The increasing demand for efficient and timely aircraft skin inspection in airline operations necessitates automated solutions. Skin damages, such as impact dents, lightning strikes, and cracks, pose critical safety risks. Line maintenance inspections, including pre-flight, transit, and post-flight checks, are often constrained by tight schedules. In real-world scenarios, inspection tasks must be allocated dynamically due to varying operational environments, such as the presence of ground support equipment on the apron. Leveraging multi-UAV simultaneous localization and mapping (SLAM) technology, rapid environmental maps can be generated to derive coverage nodes for skin inspection. Prolonged task allocation times can extend the overall inspection cycle, potentially delaying flight departures. Thus, airlines require solutions that minimize the coverage time of multiple drones to ensure punctuality. Traditional manual inspections suffer from inefficiencies, safety concerns, low coverage, and inadequate precision. Multi-UAV technologies, leveraging individual drone flexibility, have shown promise in enhancing the efficiency and accuracy of line maintenance inspections.
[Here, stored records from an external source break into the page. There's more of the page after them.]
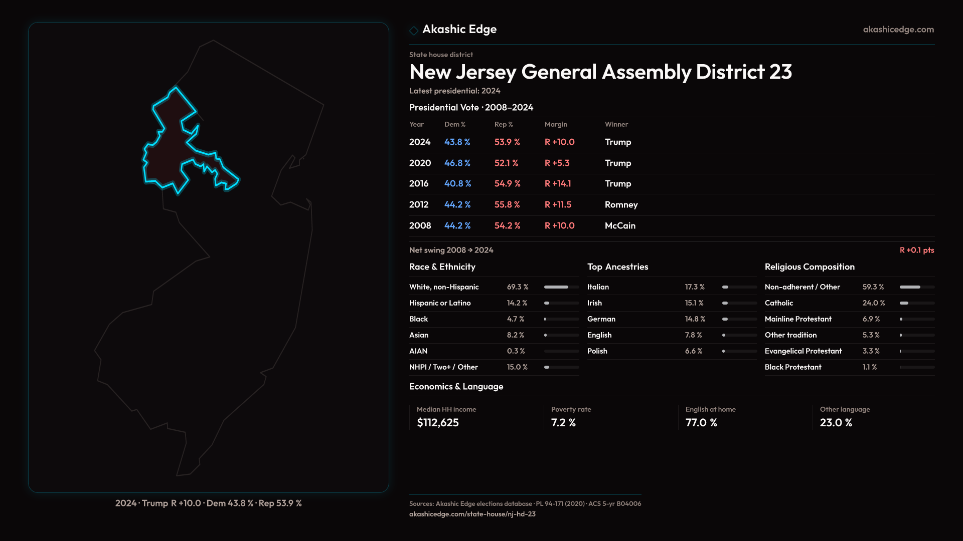 Who lives in New Jersey General Assembly District 23? 237,900 residents as of the 2020 Census.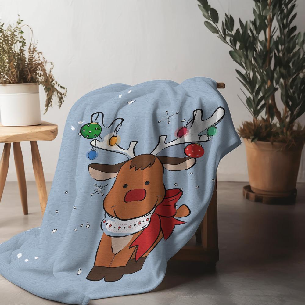Tuniu Cute Christmas Reindeer Fleece Blanket for Sofa Bed Room Decoration Warm Soft Throw Blanket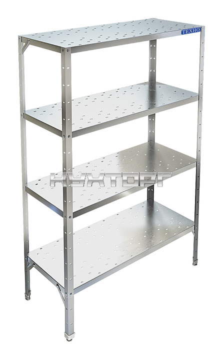 Кухонный стеллаж Техно-ТТ СТР-514/903 предназначен для хранения посуды, различного инвентаря и сухих продуктов на предприятиях общественного питания и торговли. Модель оснащена регулируемыми по высоте полками и ножками, что позволяет компенсировать неровности пола. Разборный каркас выполнен из уголка 40х40 мм толщиной 2 мм, покрытого порошковой краской серого цвета, перфорированные полки - из нержавеющей стали AISI 430 толщиной 0,8 мм.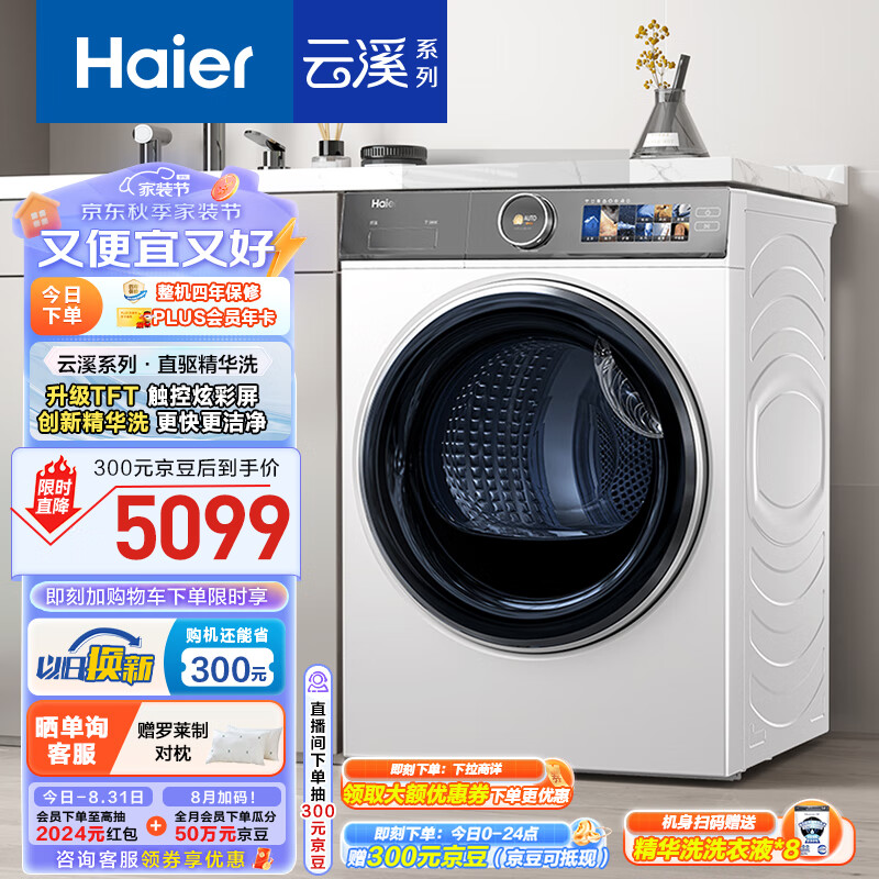 海尔(Haier)滚筒洗衣机全自动 云溪386W 家用10公斤【直驱精华洗XQG100-BD14386WTLU1】超薄内衣洗 以旧换新价格:5399.00元!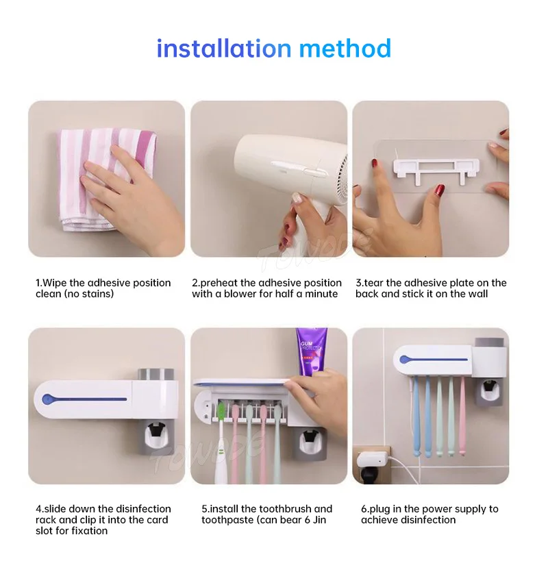 1. Семейный дизайн может хранить до пяти зубных щеток. Храните зубную щетку с интервалами, более гигиенично и безопасно 2. Зубная паста стойка и настенный висячий может сэкономить место 3. Автоматический Дозатор зубной пасты: аккуратный, без отходов 4. Разъем USB: Улучшенный водонепроницаемый дизайн подходит для ванной комнаты, чтобы обеспечить вашу безопасность 5. Совместим с любой зубной пастой 6. Изготовлен из нового АБС-пластика, нетоксичный, безвредный и экологически чистый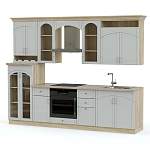 Кухня Ника Кантри BMS выполнена в популярном стиле кантри и поможет создать светлый, изящный и по-домашнему уютный интерьер. Глянцевые фасады жемчужного оттенка декорированы характерной фрезеровкой и ручками под бронзу с керамическими накладками. Влагостойкие и простые в уходе, поверхности надолго сохранят эстетичный вид. Помимо стандартных распашных отделений и выдвижных ящиков, в комплект входят оригинальные открытые полки для мелочей и витрины с тонированным стеклом. Купить кухню Ника Кантри BMS вы сможете по отличной цене в нашем интернет-магазине.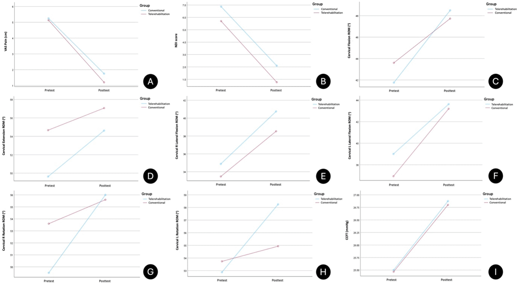 Based on mixed model ANOVA measures (0 week and 6 weeks), within-group comparisons for both groups showed statistical significance in favour of the exercise programme, for all variables (p<0.05). Telerehabilitation group showed significantly more increase in cervical rotation ROM R (0.006) and L (0.03) post-exercise programme, and longer duration of treatment session (0.02) as compared to conventional group. Between-group comparisons showed no significant differences for all other variables.
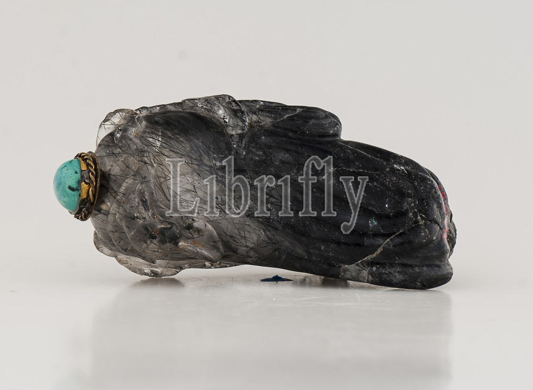 snuff bottle, shape, hand-citron, late 19th century, gray quartz, turquoise top, 2-7/8 x 1-1/2 x 1, installed, A, scoop, 1-1/2 x 3/8, diam., B, bottle, 2-5/8 x 1-1/2 x 1, Asian Art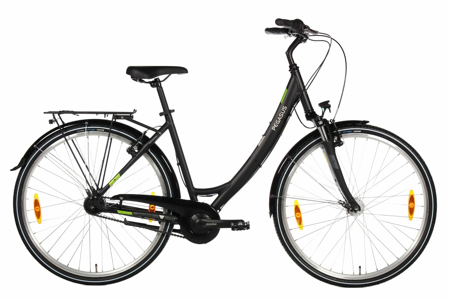 Sieben optimal abgestufte Gänge des Avanti bieten genügend Spielraum für tägliche Fahrten. Für zusätzliche Sicherheit neben den zuverlässigen V-Brakes sorgt die Rücktrittbremse. Komplettiert wird der PEGASUS Klassiker mit einer wertigen Straßenausstattung samt LED-Licht und Nabendynamo.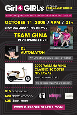 On Saturday, October 11th, the Girl4GIRL group hosts their 4th Annual Rock Against Cancer Benefit. Team Gina performs, DJ Automaton provides the music to dance, Dollsquad and Seattle Go-Go’s all dressed in pink.

The core of automated detection lies in Multi-UAV Cooperative Mission Planning (MCMP), which involves viewpoint generation, viewpoint assignment, and path planning. Viewpoints are derived from 3D aircraft models through decomposition methods like cell decomposition or grid partitioning, optimized under constraints such as overlap ratio, shooting distance, and camera angle to ensure full coverage. Viewpoint assignment and path planning entail allocating viewpoints to drones and generating collision-free flight paths. These aspects align with the Vehicle Routing Problem (VRP), a classic combinatorial optimization problem focused on efficiently assigning vehicles to serve customers under constraints while minimizing total travel distance. The key research challenge is rapidly obtaining high-quality solutions, which resonates with the need for swift solutions in aircraft skin coverage detection. Specifically, this study models the 3D viewpoint assignment and path planning problem as an extension of VRP, generating high-quality path solutions under multiple constraints.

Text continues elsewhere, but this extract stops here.